Tuesday, May 01, 2012

Mega Library IV

A shorter sampling of what the Baltimore Co Public Library, Reisterstown Branch, has to offer this time. I liked the last posting's method of the oreder being the order I read them, so I'll stick with that.

First off is Blacksad from Juan Diaz Canales and Juanjo Guarnido. It's another funny animal book, and one that Lee and I had mentioned in one of our Previews postings. Dark Horse put together this English translation. Somewhat amuing that it needs translation, being set in the US, but the writer's not a native English speaker. Guess that'll keep the Know Nothings from reading. Well, the fact that they're Know Nothings keeps them from reading as a general rule. Anyway, this is some great hardboiled noir. Lots of the little guy detective, Blacksad, trying to figure out cases without the powers that be coming down too hard on him. The first story, Somewhere Within the Shadows, was the best of the three stories in this collection. It's a more or less traditional noir with its urban setting and connected suspects. Think The Big Sleep, only making sense. Arctic Nation was the weakest. It's an allegory about race relations. Sort of. It wants to be an allegory by using animals in place of humans, but it's straight up black versus white, as the Arctic, white furred animals run a small, broken down company town. There's a lot of incestuous relations and beating deaths going on. Somehow the whole thing rings false. Maybe it's because the allegory is too one dimensional.

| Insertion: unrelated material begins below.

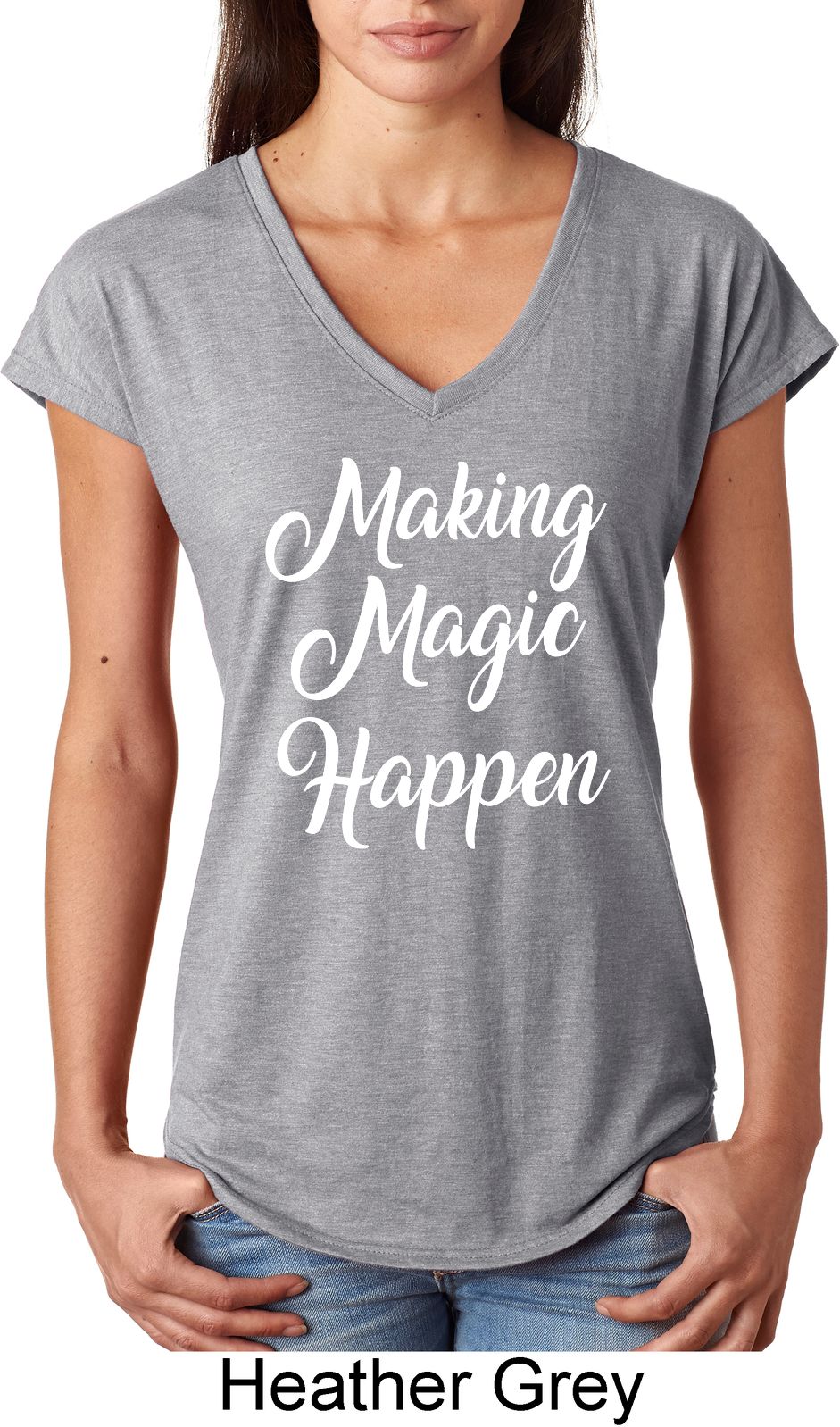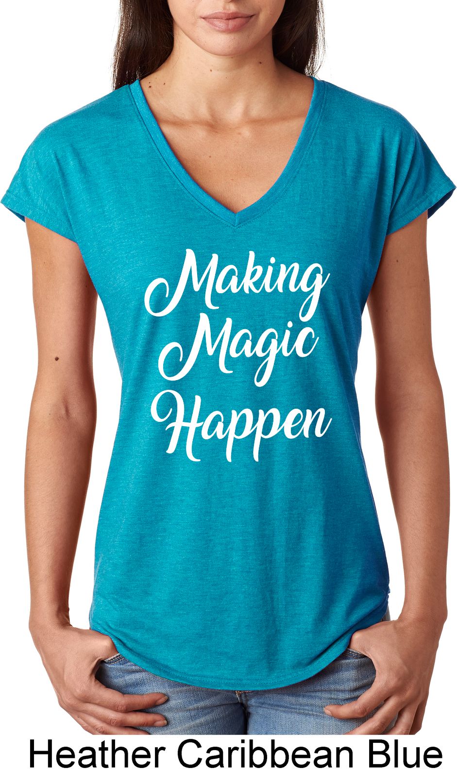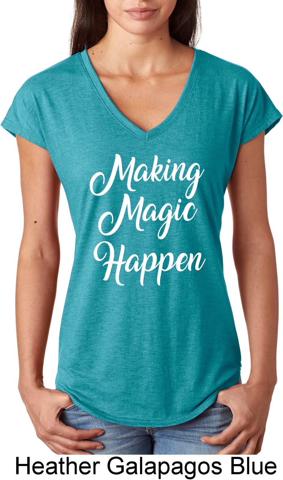 | | Making Magic Happen White Print Ladies Tri Blend V-Neck ShirtMaking Magic Happen White Print Ladies Tri Blend V-Neck Shirt Share your positivity with others with the great saying Making Magic Happen A poly/cotton/rayon blend Available in Ladies Small, Ladies Medium, Ladies Large, Ladies XL & Ladies 2XL Also available in colors Black, Heather Aubergine, Heather Caribbean, Heather Dark Green, Heather Dark Grey, Heather Galapagos, Heather Green, Heather Grey, Heather Orange, Heather Purple, Heather Red, and Raspberry |

Next up is Noche Roja by Simon Olilver and Jason Latour. An imprint of the Vertigo Crime subdivision, it's another noir tale. I was on a bit of a noir trend this go round. No funny animals here. Black and white humans. Well, the characters are shades of grey. This story is mostly set just over the Mexican border from the US, though there's some action in the US. The protagonist is searching for the killer of a series of poor girls who work as virtual slaves doing whatever piecemeal work is being done at the factory. Some are just sexually molested by the factory boss, a slight improvement over the ones who are being killed by someone. The ghetto where the workers subsist is cowed by the factory operators, and the police are in the pockets of the same owners, so nothing is being done about the girls' deaths. Our hero has a history in the area, having investigated the local boss when he was a cop, until a friend and source was killed. No happy endings to this story. Brutal all around, really. Very much a product of its genre, it has a bit of the conspiratorial with a US Senator that's kind of easy to see coming, but it's enjoyable story.

Finally, there's Trickster: Native American Tales, compiled by Matt Dembicki. There are different writers and artists for each of the 21 stories in the book. It's a nice, think composition with stories from different tribes and regions that all share the common element of a trickster character. Sometimes the trickster comes out on top. Sometimes not. I enjoy culturally specific stories like these. They provide insights into cultures, and in the case of these stories, are well told. Most of the writers are Native Americans from the tribe whose story is being told. Some were told and recorded a long time ago with only the art being new for this book. After the previous two noir books, it was a very nice change of pace. Probably my favorite of these three selections.